Most of the retrograde vesicular transport from the cell periphery to the center requires activity of the microtubule-based dynein/dynactin motor complex. To determine whether the retromer-mediated retrieval of CI-MPR from endosomes to the TGN is dynein/dynactin-driven and microtubule-dependent, we examined CI-MPR distribution in HeLa cells disrupted of either the microtubule network or dynein/dynactin function. Incubation of cells with nocodazole induced redistribution of CI-MPR from the TGN to peripheral puncta (Figure 6A, e-h).

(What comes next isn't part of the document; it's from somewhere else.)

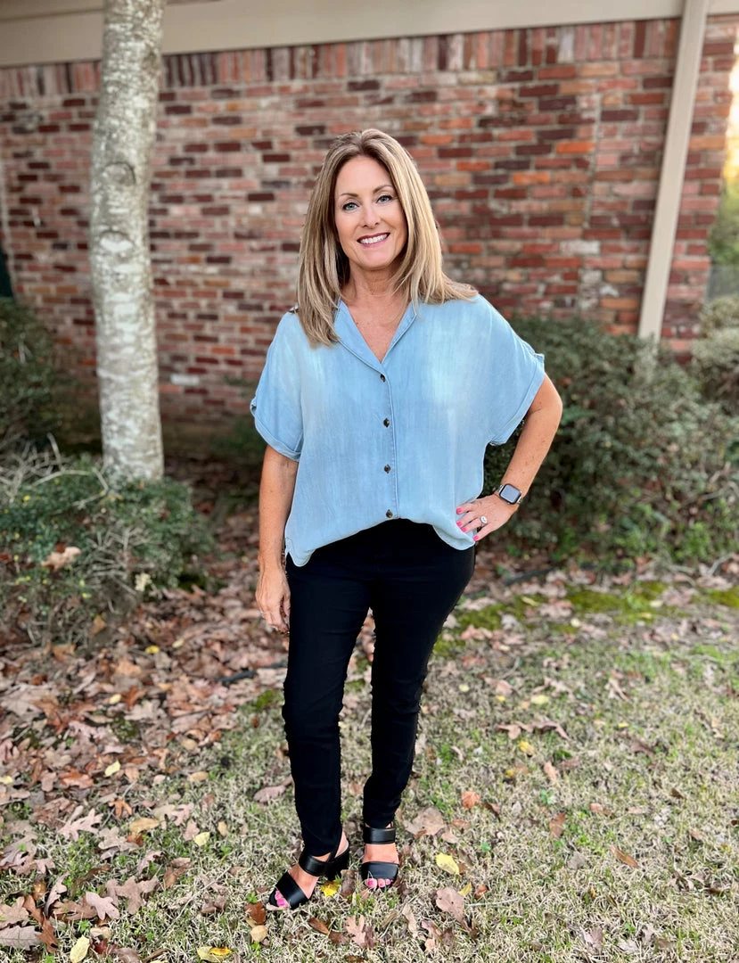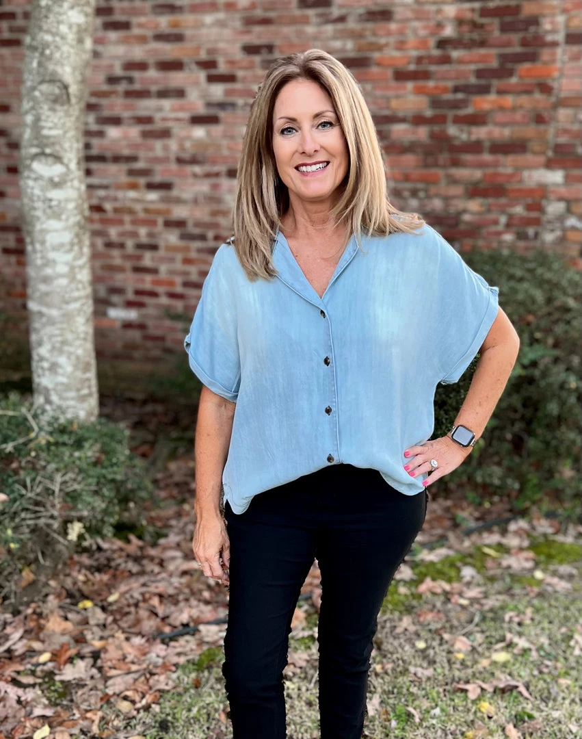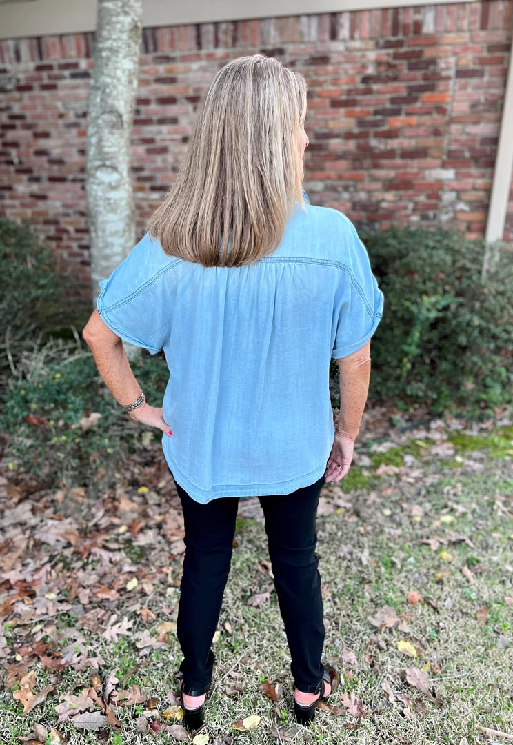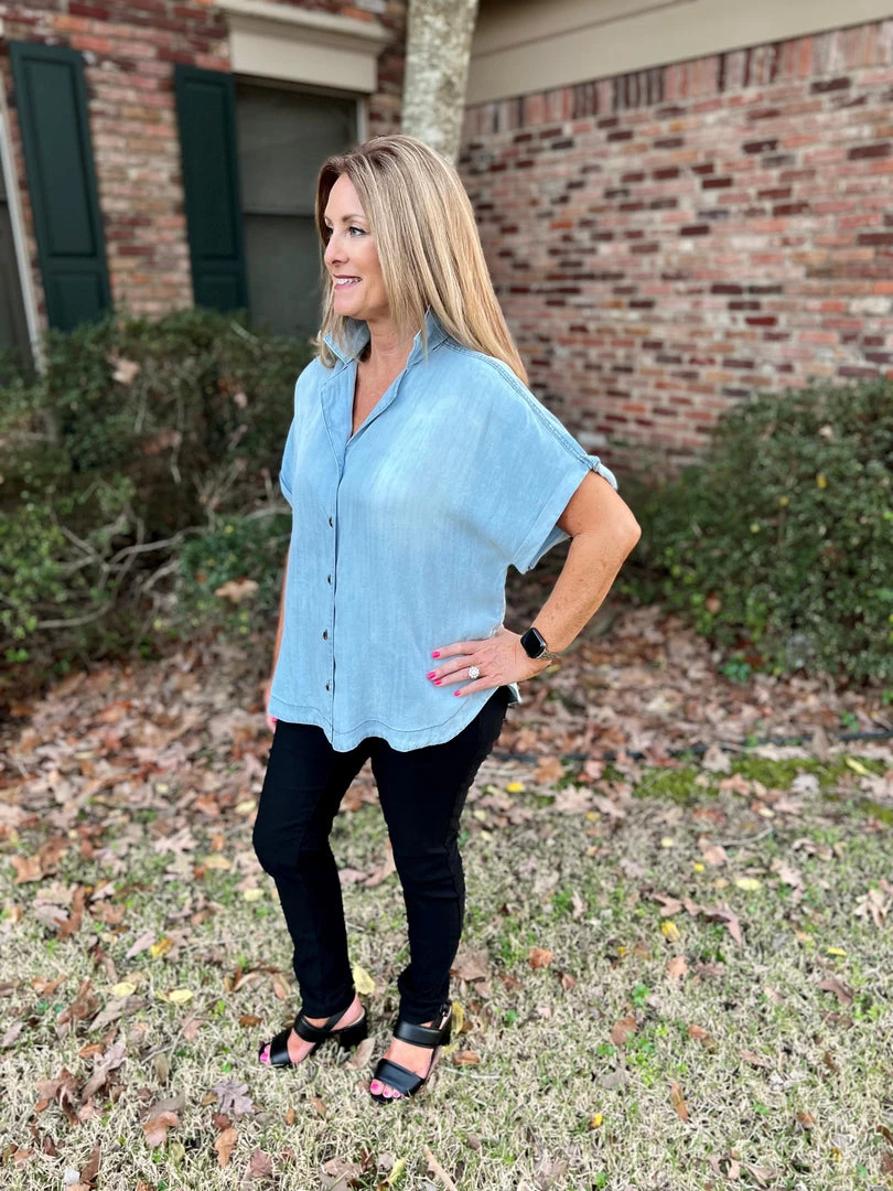 Such a great top! This loose fit washed denim shirt has rooled up sleeves and a lapel collar,. The fit is a loose and boxy silhouette that is so flattering. Curved bottom hem. 100% Tencel

Overexpression of a Flag-tagged p50/dynamitin, which disassembles the dynein/dynactin protein complex 38, 39, caused a similar phenotype (Figure 6B, a-d), indicating that both the intactness of the microtubule network and motor activity are required for CI-MPR retrieval.

Figure 6
figure 6

Subcellular distribution of CI-MPR requires an intact microtubule network and the activity of dynein/dynactin motor complex. (A) HeLa cells were treated with DMSO (a-d) or nocodazole (20 μM in DMSO, e-h) for 3 h, fixed and immunostained with antibodies to α-tubulin and CI-MPR. (B) HeLa cells transfected with plasmids encoding Flag-tagged p50/dynamitin (a-d), p150Glued-N (aa 1-1 060, e-h), p150Glued-C (aa 911-1 282, i-l) or MAP1B light chain (m-p) were fixed 24 h later and immunostained with antibodies to Flag and CI-MPR. Flag-MAP1B-LC 41 served as negative control. Bar, 10 μm.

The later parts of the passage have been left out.